Adding to the theatrical magic are swashbuckling narrator El Gallo (Philip Anthony-Rodriguez), a pair of veteran thespians straight out of a Fractured Fairytale (Hal Linden as Henry and Amir Talai as Mortimer), and “The Mute” (Alyse Rockett), who observes the action, hands out props, impersonates a plot-pivotal wall, and sprinkles raindrops and snowflakes on star-crossed young lovers.
Though rather too large a venue for a musical as intimate as The Fantasticks (particularly if you are seated as far from the stage as this reviewer found himself at Sunday’s opening), the Pasadena Playhouse nonetheless comes through with inspired staging and performances that could not be improved upon.
Most importantly, the musical’s core message—“Without a hurt, the heart is hollow”—remains as potent as ever as we follow Matt and Luisa in their journey from innocence to knowledge to disappointment to an understanding of the true meaning of love.
It probably took a good many years into The Fantasticks’ four-decade run for performers of color to make their first entrances on the Sullivan Street Playhouse stage.
All the more reason, therefore, to trumpet Sueko’s and casting director Becky Lythgoe’s rainbow-hued ensemble (and to wonder why the current lily-white off-Broadway production still hasn’t gotten the message).
Anthony-Rodriguez’s El Gallo anchors The Fantasticks with charm, charisma, and gorgeous vocals, from his initial role as narrator to the major part he ends up playing in Luisa’s sexual awakening.

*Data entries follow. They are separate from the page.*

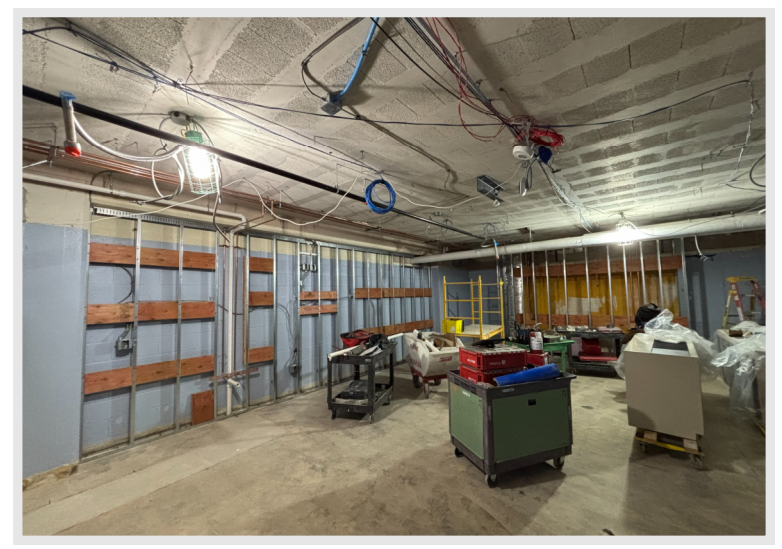
Wall framing, rough-ins, and blocking in place in the Lower-Level OT/PT Room. Overhead MEPF rough-ins are moving along!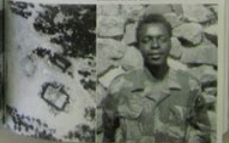
Below: A group of people, including a man in a military uniform, standing in front of a building.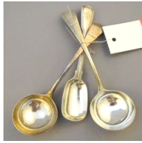
Lot # 538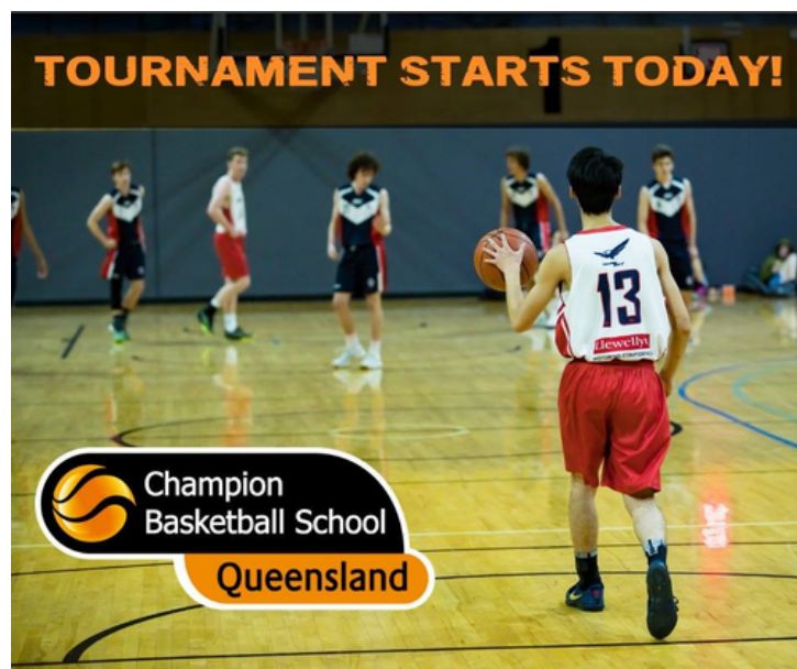
WestMAC made the Facebook feed of Basketball Queensland to announce the Tournament start!

It is a long four day carnival with many hours between the multiple matches played each day. A massive thankyou to the parents and supporters who made the trek out to the Logan City playing venues to cheer on and support both teams at the event.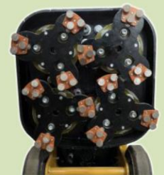
4 x Magnetic Pad Holder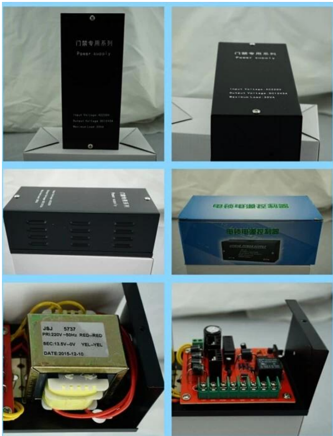
waterproof uninterruptible power supply controller China used with door access control system unit.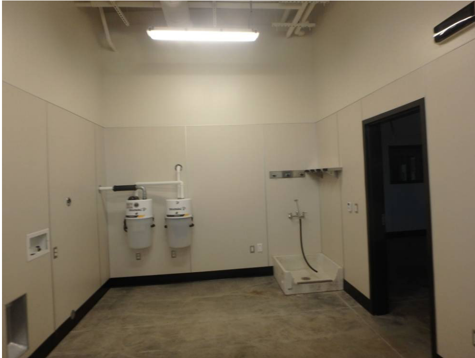
Kennel Room vacuum and sink on the north wall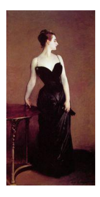
8 Madame X , 1884. John Singer Sargent. Oil on canvas; 234.95 x 109.86 cm. Metropolitan Museum of Art, New York.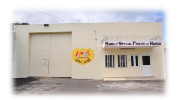
Barkly Special Prison for Women (SPW)

Barkly Special Prison for Women started operating as from 09<sup>th</sup> January 2020. It is a Maximum Security Prison and has a housing capacity of 12 female detainees.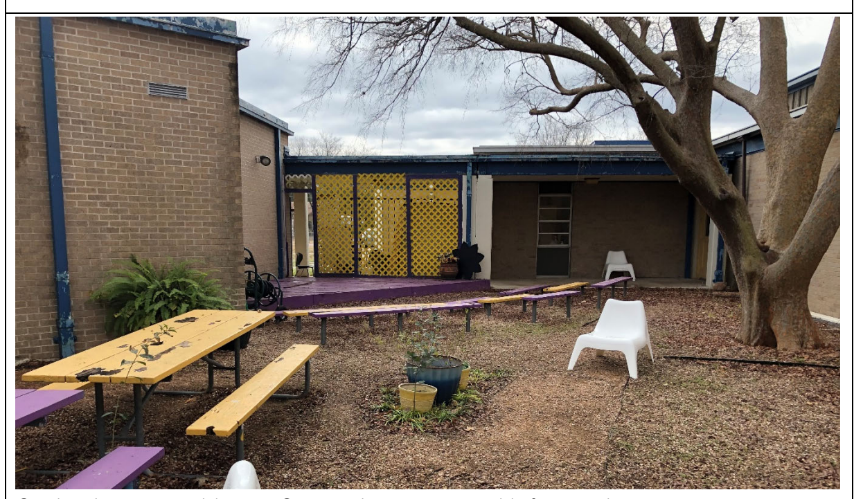
Outdoor Learning and Activity: Courtyard space is accessible from studios.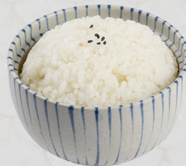
蒸香米飯 Steamed Rice 2

價格均以韓幣1,000結尾單位結算，並已包含10%稅費及10%服務費。 Prices are in Korean Won at 1,000 value and include 10% tax and 10% service charge.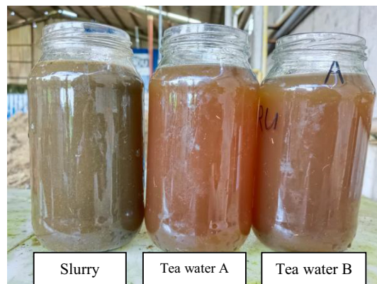
Figure 2 Physical appearance of slurry and tea water solutions

and tea water can be seen in Figure 2. The color of tea water is clearer than the slurry. Vermifilter can reduce sedimentation in tea water by up to 90% so that it can be used as a land application.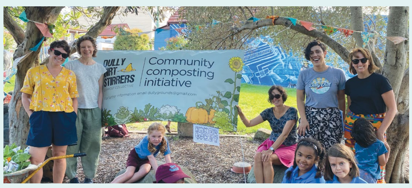
Pictured: Dully Dirt Stirrers community composting project, photo by Dulwich Hill Public P&C 2019

Environment grants of $10,000 each over two years ($5,000 per annum) are available.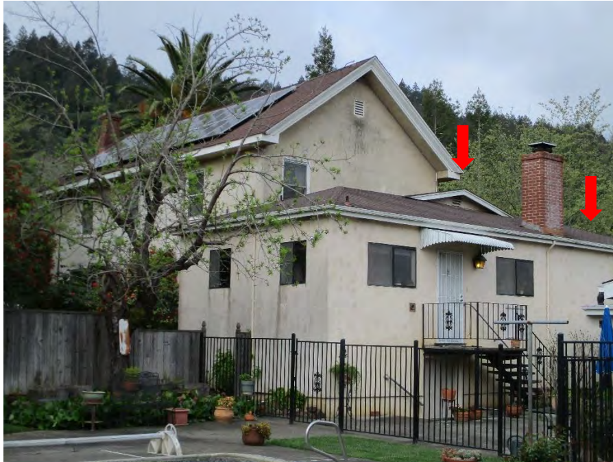
Photo showing the east elevation, ca. 1930 addition (left arrow), and the ca. 1955 addition (right arrow).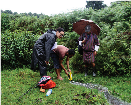
Assessment team measuring the length of a stream to measure velocity and volume by float method.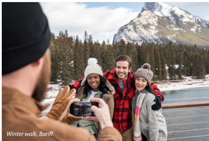
Winter walk, Banff

Not included: Flights – call us for best available airfares at time of booking, any meals, tours or services not listed as included.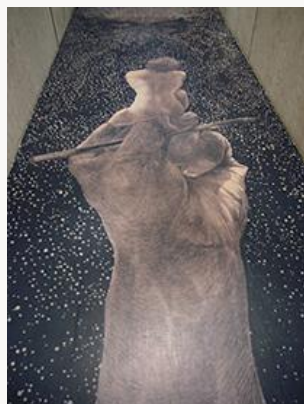
Fig. 6, Floor with a reproduction of Klemens Brosch, First Draft of the Artist's Exlibris , c. 1916. [view image & full caption]

Guzmán (fresh from Cabrillo Music Theatre’s Little Mermaid) and Park (the luminous Tuptim of the recent Broadway King & I revival) are as sweetly innocent (and as teenage-frisky) as Matt and Luisa should be, and their solos and duets define heavenly.
The venerable Linden is paired to mismatched perfection with the impish Talai, whose highly original “death scene” proves a particular treat; Davis and Watanabe make for a delightfully Mutt-&-Jeff-like couple of initially conspiratorial, later battling dads; and Rockett brings agility and flair to the pivotal Mute without singing or speaking a word, executing the greater part of Kitty McNamee’s graceful choreography.
Though given my druthers, I’d opt for the kind of rich accompaniment that a three-to-five-piece orchestra would bring to Schmidt’s exquisite melodies, there’s no faulting the musical virtuosity of musical director/onstage pianist David O (accompanied every once in a while by Leisl Erman on harp).
Shirley Pierson’s imaginative costumes, accessorized as plot twists demand, fit Sueko’s concept to a T. Josh Epstein’s evocative lighting design goes from subtle shadings to sun-drenched radiance. Joe Huppert’s sound design mix insures pure, clear amplified vocals. Fight choreographer Tim Weske even gives us some Errol Flynn-ready swordplay.
Lurie Horns Pfeffer is production stage manager. Joe Witt is general manager. Brad Enlow is technical director. Christopher Cook is associate technical director and production manager.
If El Gallo’s wish for “the kind of September when no one wept except the willow” already seemed the stuff of dreams when The Fantasticks made its March 1960 debut, it proves an even more impossible dream today. What better times than these, then, for the Fantasticks to fill the Pasadena Playhouse with its unique blend of laughter, tears, nostalgia, and hope.
Pasadena Playhouse, 39 South El Molino Ave., Pasadena.